Keeping Score: May 21, 2018

Haven’t posted in a bit. We’ve been ramping up the search for a house this month, and between looking and inspecting and filling out paperwork, I haven’t had much room in my head for anything else.

I have kept up my writing, though. Having that deadline hanging over my head, and the punishment that would come with missing it, has pushed me to get things done. I’ve just made my word count every week, even if that meant writing half of them on Saturday in a mad rush to keep from missing the target.

Most of those words have been for the novel, though I’ve not dropped the short story. After getting some harsh (but accurate) feedback from a beta reader, I realized it needed a full rewrite. That’s almost complete, and I think the new version is much stronger. There may even be a novel lurking in there, in the background of that world.

Thankfully, that novel’s not too distracting…yet. What has been distracting is how my ideas for how best to write the novel keep changing, right in the middle of this first draft. I’m now curious to try my hand at writing more from a third-person omniscient point of view, which would be a complete change from the novel’s current POV. I’m also re-thinking character histories and motivations, which would be an abrupt change this far through.

I’m telling myself to write these ideas down, and come back to them later.

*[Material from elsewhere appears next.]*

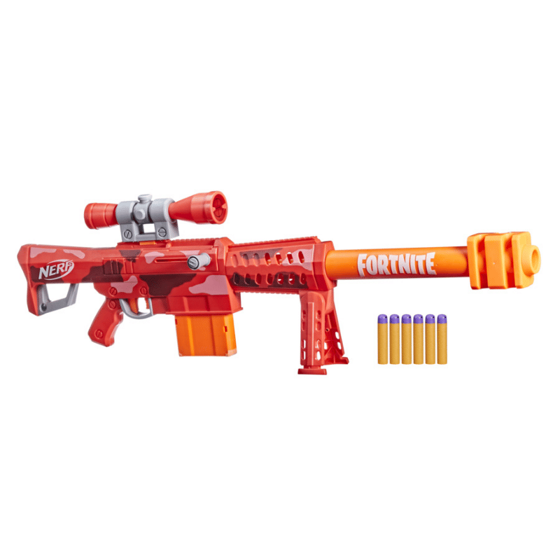 Nerf Heavy SR-vaahtomuoviammusase on valmistettu supersuositun Fortnite-pelin innoittamana. Tämä on kaikkien aikojen pisin Nerf-blasteri, jonka mitta on huimat 1,1 metriä! Blasterissa on pelistä tuttu punainen camo-väritys. Sisältää kuuden nuolen lippaan ja kuusi virallista Nerf mega-vaahtomuovinuolta, jotka vapautuvat pulttilukko viritteisesti. Lataa lipas blasteriin, viritä nuoli vetämällä pultti taakse ja laukaise. Käsikäyttöinen, ei vaadi paristoja. Suositellaan suojalasien käyttöä (eivät sisälly pakkaukseen).

Get the first draft done, get the story out there, and then use these ideas during the editing process, if they’re needed. Otherwise, I worry that if I keep changing course, I’ll never finish the book.

Writers Coffeehouse, May 2018

Another solid Coffeehouse. Scott Sigler returned for hosting duties, and he ran a tight ship, taking us from topic to topic while still giving everyone a chance to speak up.

Last hour or so of the Coffeehouse was just rapid-fire “what are your current issues?” questions for Scott, which he handled with honesty and poise.

Got some really good advice out of this one. Here are my notes:

invizium.com: writer trying to break into book trailers

J Dianne Dotson: BOOK OUT MAY 29th; worldwide distribution via ingram spark; book trailer is up; signing at Mysterious Galaxy in june

art vs business: are we artists or business people?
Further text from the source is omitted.